-
Header: christian-rossow.de
-
Apply for a PostDoc position in my System Security research group at CISPA, Germany.

https://www.christian-rossow.de

If you can't explain it simply, you don't understand it well enough.

HowTo - Calculate boxplot values in PostgreSQL


In statistics, box plots are a common way to express the distribution of data.

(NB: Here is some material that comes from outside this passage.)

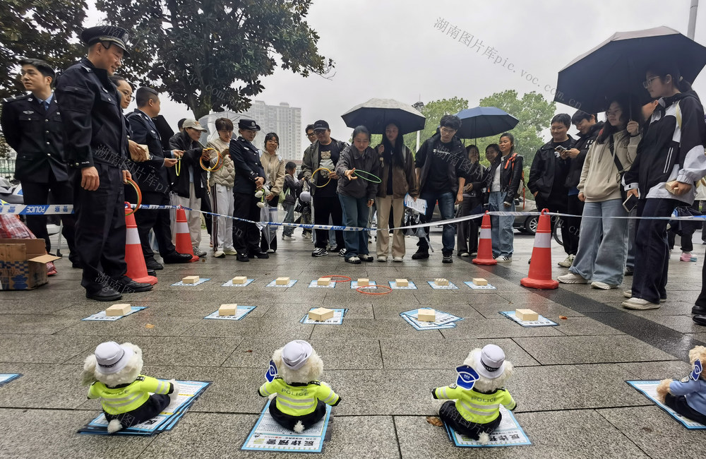 4月8日,吉首大学吉首大学(砂子坳校区),学生们兴致勃勃地参与“反诈套圈”趣味游戏。刘丹 姚方 摄影报道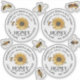 Quatro círculos transparentes do rótulo do mel de 2,5" num modelo de 6". À prova d'água. Ajustados na boca larga Mason Jar Lid e pequenos potes de mel. Rótulo de Mel de Girassol com Abelha sobre fundo branco transparente ou mate.

Box plots take the minimum, maximum, median and two quartile values as input. Unfortunately, PostgreSQL does not ship aggregate functions to calculate the median, the 1st or the 3rd quartile. The main reason is most likely because it's not very efficient to calculate.

If you are searching for existing solutions, you will find very elegant solutions using PL/R. However, PL/R is not available as precompiled packages for CentOS and many other Linux distributions. PL/Python, on the other hand, is available for many systems. The following definitions can be used to create an aggregate function based on PL/Python that calculates the values necessary for a boxplot.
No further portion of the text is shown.